A. This is because we have billions of brain neurons and trillions of “synapses” that connect neurons to each other, and are ultimately responsible for memory and cognition. When we lose some of those cells or their synapses, surviving neurons can compensate for the loss, but only up to a point. This can go on for a very long time.
But eventually, as the disease progresses, the rate of cell destruction overruns the ability of the brain to compensate. Eventually symptoms begin to show – short-term memory loss and confusion – and a diagnosis is made. By that time, the disease has progressed significantly, and will continue to do so, eventually resulting in death. There is no cure at that stage of the disease.
Q. That sounds discouraging. What do new findings suggest regarding possible treatments?
A. It’s becoming clear that one promising approach to prevent this terrible disease is to find drugs that can stop amyloid-beta from converting tau to toxicity. But this would have to be done very early, long before the disease progresses to the point of causing symptoms, ideally before the chemical changes that proceed the disease even begin.
So far, a few hundred Alzheimer’s drugs have gone through clinical trials, but only five have been approved by the Food and Drug Administration. These drugs are designed to help people once they are symptomatic, but at best they only slightly slow the progression of a disease that, at that point, already has caused massive irreversible damage to the brain. It’s too little, too late.
One of these drugs, however, memantine (Namenda), might be able to prevent or delay the disease from developing, if treatment is begun early enough. This is because it might prevent the unfolding of tau into a toxic form. So, rather than trying to treat Alzheimer’s only after it’s been diagnosed, perhaps we should use genetics tests and other means to identify people who are at considerable risk of getting the disease and offering prophylactic treatment 10 or 15 years before they are symptomatic.

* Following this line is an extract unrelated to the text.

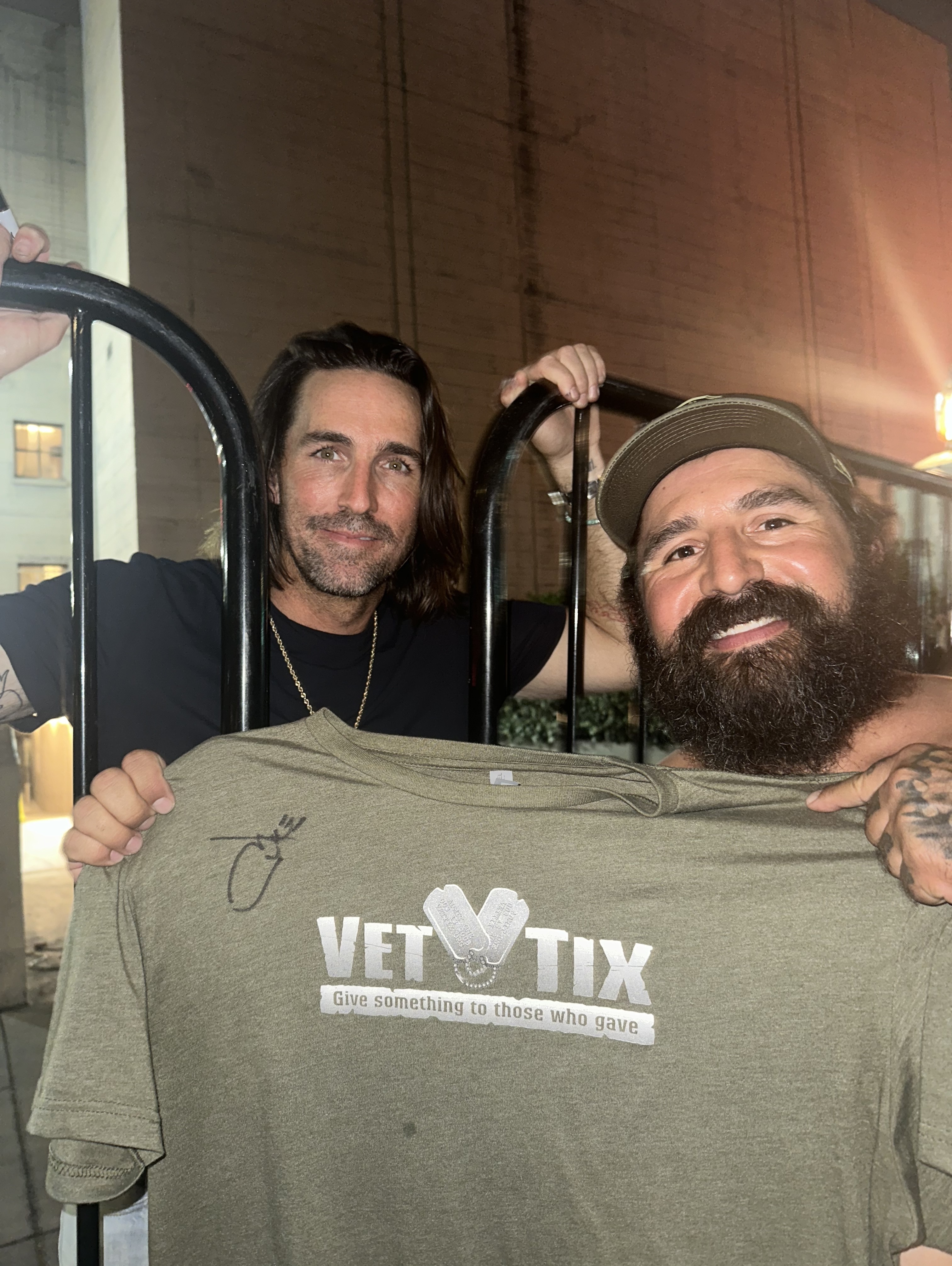 Thanks to not only Live Nation and Vet Tix, but to Jake Owen. I shared with him that I was fortunate enough to be there because of Vet Tix and he not only came and took a picture, but also signed my Vet Tix shirt. Jake Owen is awesome and is a supporter of our Military and Veterans!!!

Of course, we don’t want to treat people for a disease they don’t have or might never get. It’s important that we develop more and better tests to help identify people who are at risk so treatment, if desired, could begin very early.

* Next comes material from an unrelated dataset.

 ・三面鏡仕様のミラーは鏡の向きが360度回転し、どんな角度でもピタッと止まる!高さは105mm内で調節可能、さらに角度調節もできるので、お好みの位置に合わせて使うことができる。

Q. How far away may we be from an effective prevention treatment?
A. Many years. To treat early would require very costly long-term clinical trials that might take 10 years or longer to find out if, in fact, they work to prevent the disease. Unfortunately, our understanding of the basic biology of the disease is still primitive.
Clearly more resources must be directed, nationally and internationally, toward brain science. We need to understand what keeps a healthy neuron healthy. I think we’re on the right track. It’s expensive to do good research, but in the long run it’s much more expensive to treat and care for Alzheimer’s patients, a rapidly growing population.
Q. Until effective prophylactic treatments are available, can people do anything to possibly protect themselves from getting this disease?
A. Lifestyle behaviors seem to matter. Exercise, a healthy diet, and maintaining an active mind seem to inhibit or delay Alzheimer’s and other forms of dementia.